When the Bishop came forward to preach his sermon, or talk to his flock, as he called it, his surplice would have astonished anyone, except those who had seen him thus attired so often. A stranger might have laughed, but he would not have laughed long—the old man's earnestness, sincerity, reverence and devotion were over-shadowing. Its pathos was too deep for fun.
Instead of a clergyman's frock he wore a faded coat of blue buttoned up to his neck. It had been the coat of an officer in the artillery, and had evidently passed through the Civil War.
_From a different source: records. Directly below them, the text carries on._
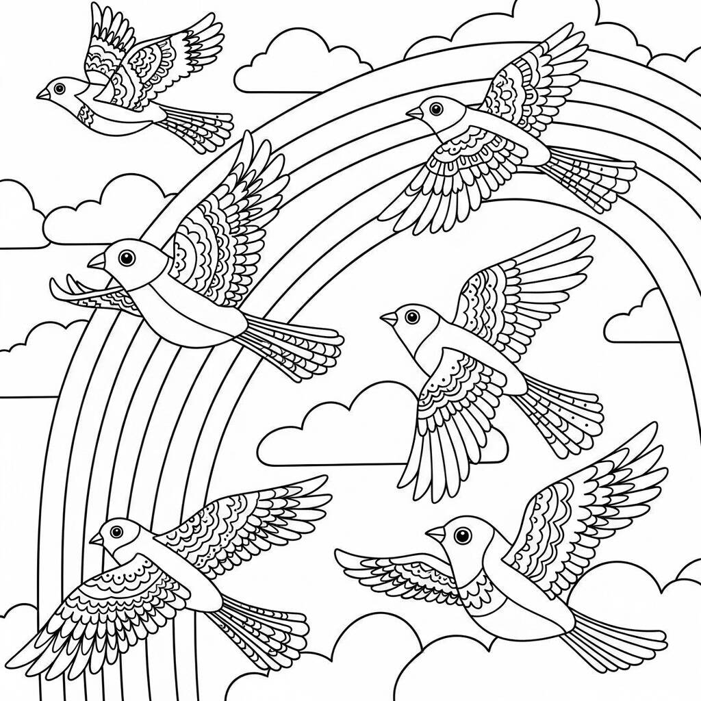 Em um dia ensolarado, um arco-íris magnífico apareceu no céu, e logo uma revoada de pássaros coloridos começou a dançar sob suas cores vibrantes. Entre eles, havia um pequeno passarinho chamado Pipo, que sonhava em tocar o arco-íris com suas próprias asas. Ele voou alto, acompanhado por seus amigos, cada um mais bonito que o outro, e juntos exploraram as nuvens e a luz do sol. Enquanto voavam, Pipo percebeu que a verdadeira beleza não estava apenas nas cores do arco-íris, mas na amizade e nas aventuras que compartilhavam. Assim, sob o céu azul, eles aprenderam que a felicidade está nas pequenas coisas da vida.
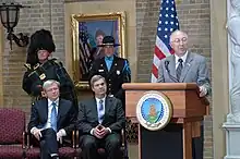 United States Secretary of the Interior Ken Salazar joined United States Secretary of Agriculture Tom Vilsack at a ceremony where Australian Prime Minister Kevin Rudd thanked United States wildland firefighters for their assistance
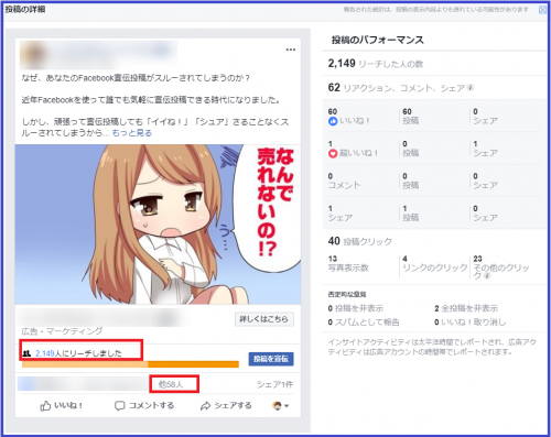 Facebookページの投稿のリーチ(表示)数を伸ばす広告です。ターゲット選定した見込み顧客(地域を含む)へあなたの投稿を表示させる目的の広告です。
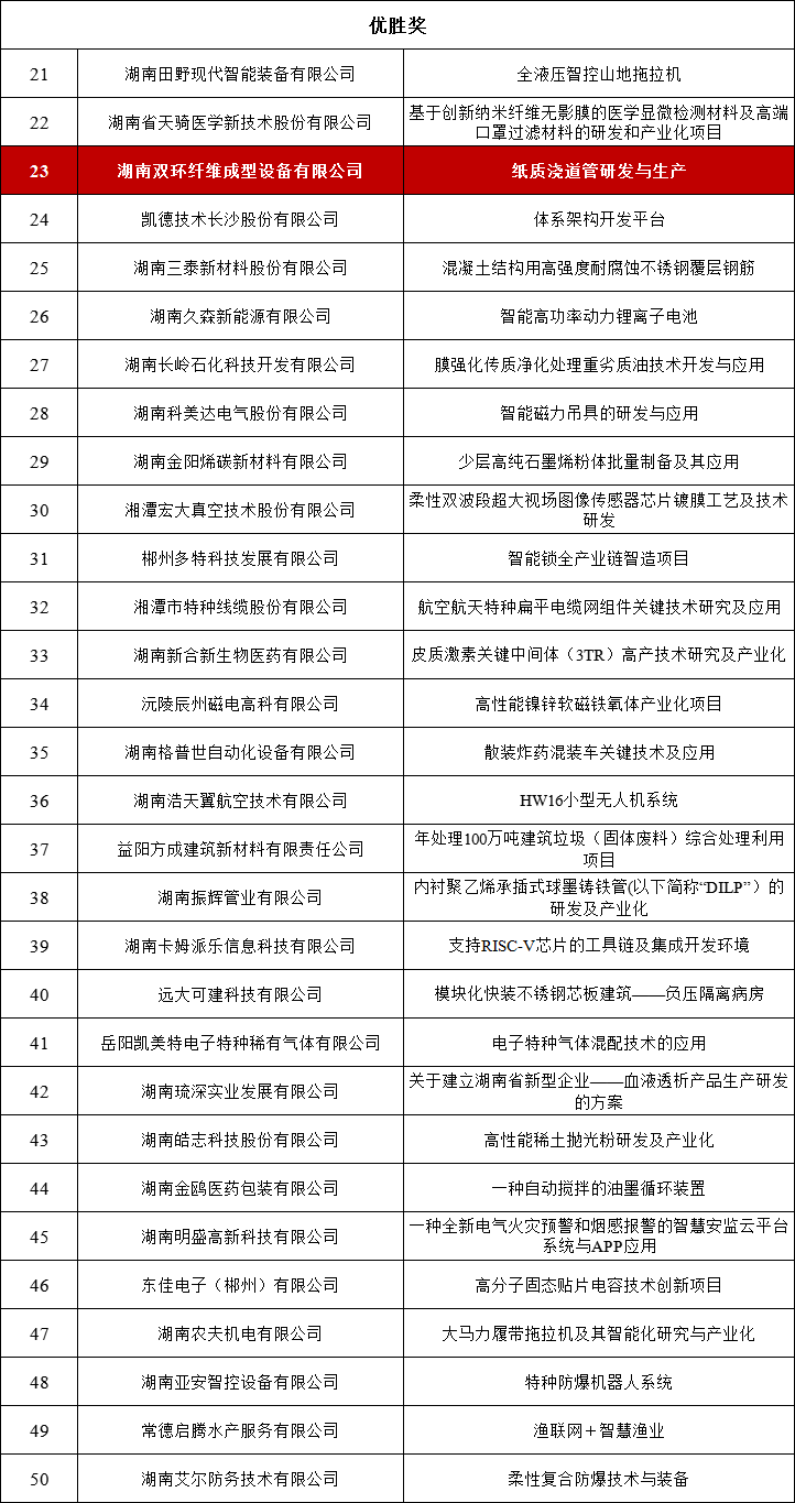 近日,湖南省工信廳公布了2020年“創(chuàng)客中國”湖南省中小微企業(yè)創(chuàng)新創(chuàng)業(yè)大賽決賽獲獎項目,湘潭高新區(qū)企業(yè)湖南雙環(huán)纖維成型設備有限公司的“紙質澆道管研發(fā)與生產(chǎn)”項目榮獲企業(yè)組優(yōu)勝獎。
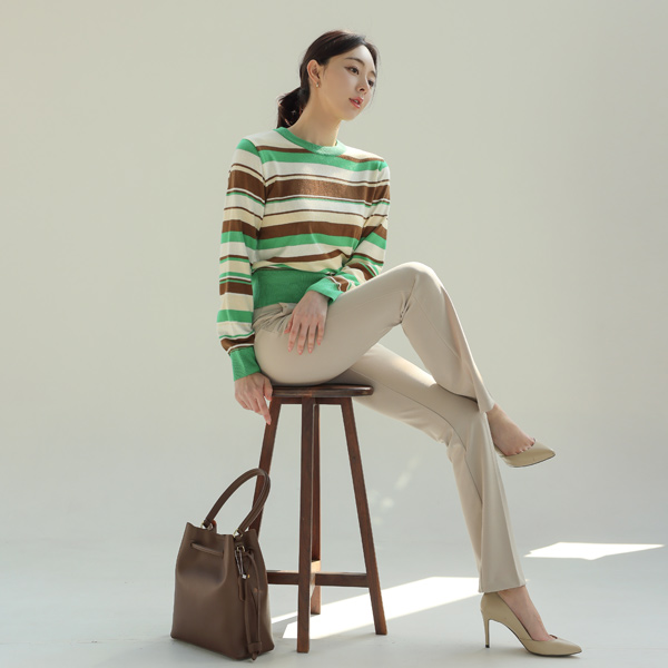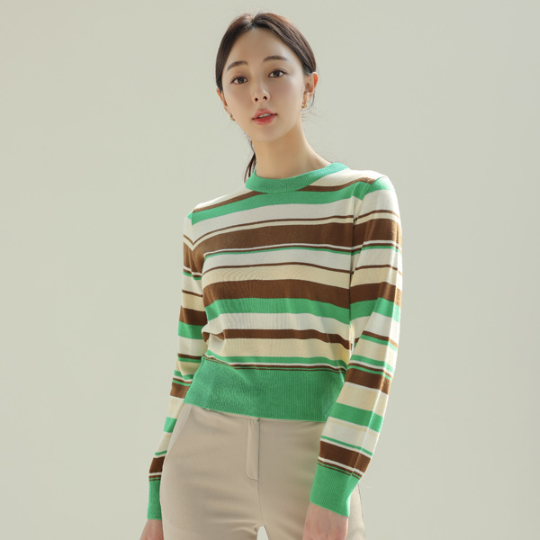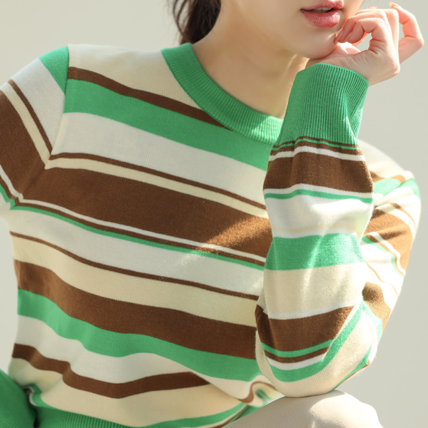 柔丝 颜色 条纹 圆领 针织衫

There was a bullet hole in the shoulder and a sabre cut in the sleeve.
CHAPTER VI
A BISHOP MILITANT
No one had ever heard the Bishop explain his curious surplice but once, and that had been several years before, when the little chapel, by the aid of a concert Miss Alice gave, contributions from the Excelsior Mill headed by Mr. and Mrs. Kingsley, and other sources had been furnished, and the Bishop came forward to make his first talk:
“This is the only church of its kind in the worl', I reckin',” he said. “I've figured it out an' find we're made up of Baptis', Metherdis', Presbyterian, 'Piscopalian, Cam'elites an' Hard-shells. You've 'lected me Bishop, I reckon, 'cause I've jined all of 'em, an' so far as I know I am the only man in the worl' who ever done that an' lived to tell the tale. An' I'm not ashamed to say it, for I've allers foun' somethin' in each one of 'em that's a little better than somethin' in the other. An' if there's any other church that'll teach me somethin' new about Jesus Christ, that puffect Man, I'll jine it. I've never seed a church that had Him in it that wa'n't good enough for me.”